In this article, the analyses of heat transfer and free convective motion have been carried out numerically for various structures. The solution is based on a finite element method with the frontal solver to examine the flow parameters and heat transfer characteristics. Several dome configurations--such as flat, inclined, and dome shapes--are considered for the top of the enclosure. A general conic equation is considered to represent the dome as circular, elliptical, parabolic, or hyperbolic shape.

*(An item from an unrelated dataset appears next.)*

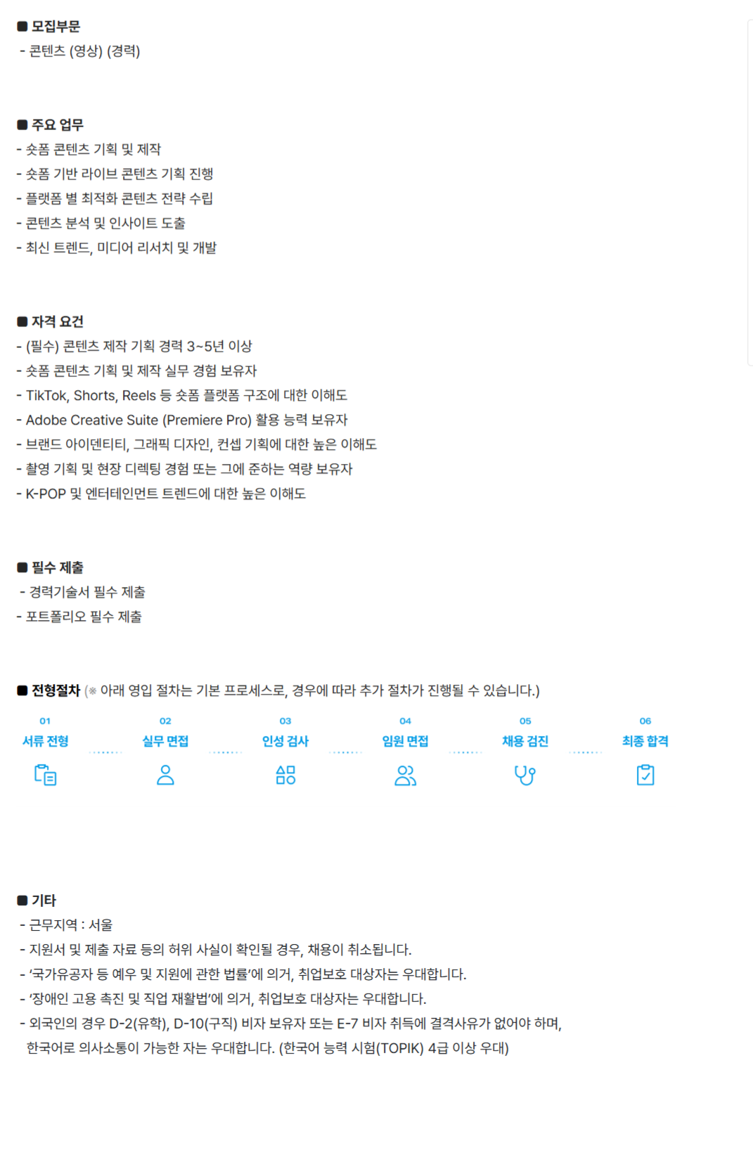 ¡á ¸ðÁýºÎ¹® - ÄÜÅÙÃ÷ ​(¿µ»ó) ​(°æ·Â) ¡á ​ÁÖ¿ä ¾÷¹« - ​¼ôÆû ÄÜÅÙÃ÷ ±âȹ ¹× ​Á¦ÀÛ - ​¼ôÆû ±â¹Ý ​¶óÀ̺ê ÄÜÅÙÃ÷ ±âȹ ​ÁøÇà - Ç÷§Æû ​º° ​ÃÖÀûÈ­ ÄÜÅÙÃ÷ ​Àü·« ​¼ö¸³ - ​ÄÜÅÙÃ÷ ºÐ¼® ¹× ​ÀλçÀÌÆ® ​µµÃâ - ÃֽŠƮ·»µå, ​¹Ìµð¾î ​¸®¼­Ä¡ ​¹× °³¹ß ¡á ÀÚ°Ý ​¿ä°Ç - (Çʼö) ​ÄÜÅÙÃ÷ ​Á¦ÀÛ ±âȹ ​°æ·Â 3~5³â ​ÀÌ»ó - ​¼ôÆû ÄÜÅÙÃ÷ ±âȹ ​¹× Á¦ÀÛ ​½Ç¹« °æÇè º¸À¯ÀÚ - TikTok, Shorts, Reels µî ¼ôÆû Ç÷§Æû ±¸Á¶¿¡ ´ëÇÑ ÀÌÇØµµ - Adobe Creative Suite (Premiere Pro) Ȱ¿ë ´É·Â º¸À¯ÀÚ - ºê·£µå ¾ÆÀ̵§Æ¼Æ¼, ±×·¡ÇÈ µðÀÚÀÎ, ÄÁ¼Á ±âȹ¿¡ ´ëÇÑ ³ôÀº ÀÌÇØµµ - ÃÔ¿µ ±âȹ ¹× ÇöÀå µð·ºÆÃ °æÇè ¶Ç´Â ±×¿¡ ÁØÇÏ´Â ¿ª·® º¸À¯ÀÚ - K-POP ¹× ¿£ÅÍÅ×ÀÎ¸ÕÆ® Æ®·»µå¿¡ ´ëÇÑ ³ôÀº ÀÌÇØµµ

The findings from this study indicate that the convective phenomenon is greatly influenced by the shape of the top cover dome and tends to form a secondary core even at a moderate Rayleigh number when compared with an equivalent rectangular enclosure. In addition, the circular and elliptical shapes of the dome give higher heat transfer rate. The effect of various "offset" of the dome and inclined roof on convective heat transfer is also found to be quite significant. However, beyond 0.3 of offset of the top cover for the dome and inclined roof, the change in overall heat transfer rate is minimal. The heat transfer coefficients of dome shaped and inclined roof enclosures are given and discussed.